How artificial intelligence can make hardware develop better

王林forward: 2023-04-13 08:13:021879browse

Computer hardware has been an inactive market for many years. The dominant x86 microprocessor architecture has reached the limits of performance gains that can be achieved through miniaturization, so manufacturers are primarily focused on packing more cores into a chip.

For the rapid development of machine learning and deep learning, GPU is the savior. Originally designed for graphics processing, GPUs can have thousands of small cores, making them ideal for the parallel processing capabilities required for AI training.

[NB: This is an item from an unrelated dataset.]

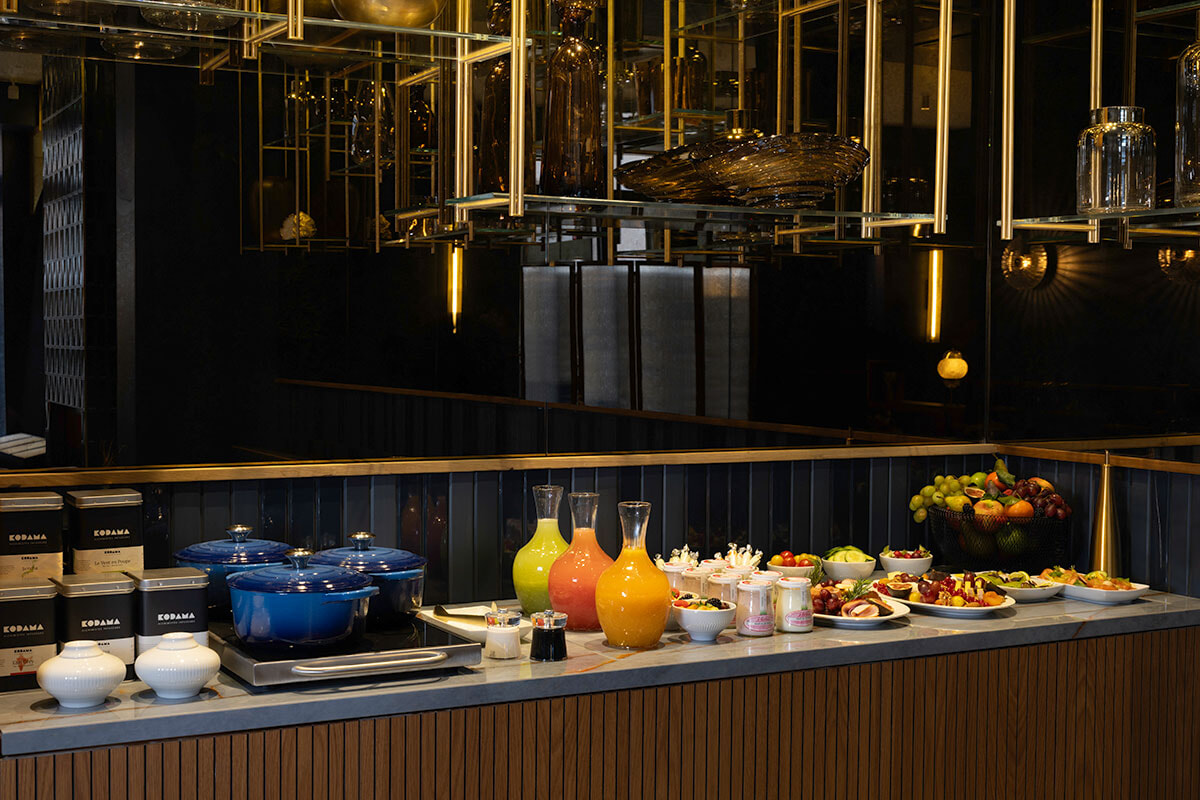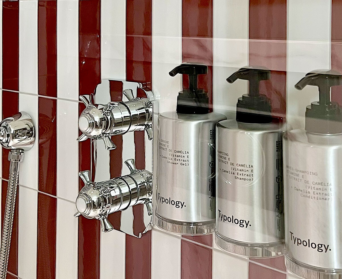 もともとホテルだった場所を買い取った現オーナーが、2年をかけての工事を行い”泊まってみたい!”と思わせるホテルを生み出したのだ。7フロアからなる全43室のこぢんまりしたホテル。地上階の広いロビーラウンジは朝食の場で朝食の場であり、午後12時から16時にはパティスリーのティータイムを楽しめるオネスティーバーである。また地下1階には、フィットネスルームはないがハマムとジャクジーを備えたスパがあり、さらに毎日1客室につき1時間貸切できる小さなプールも。ウェルネスエリアではデイベッドでリラクゼーションタイムが過ごせて、より快適な滞在となる。ただ眠るだけに泊まるのではなく、都会にいながらリトリート気分も味わえるこうしたちょっとしたオマケってうれしい。

The essence of artificial intelligence is that it benefits from parallel processing, and about 10 years ago it was discovered that GPUs, which are designed to display pixels on a screen, are well suited for this because they are parallel processing engines that can Put in a lot of cores.

That’s good news for Nvidia, which saw its market capitalization surge from less than $18 billion in 2015 to $735 billion before the market contracted last year. Until recently, the company had virtually the entire market to itself. But many competitors are trying to change that.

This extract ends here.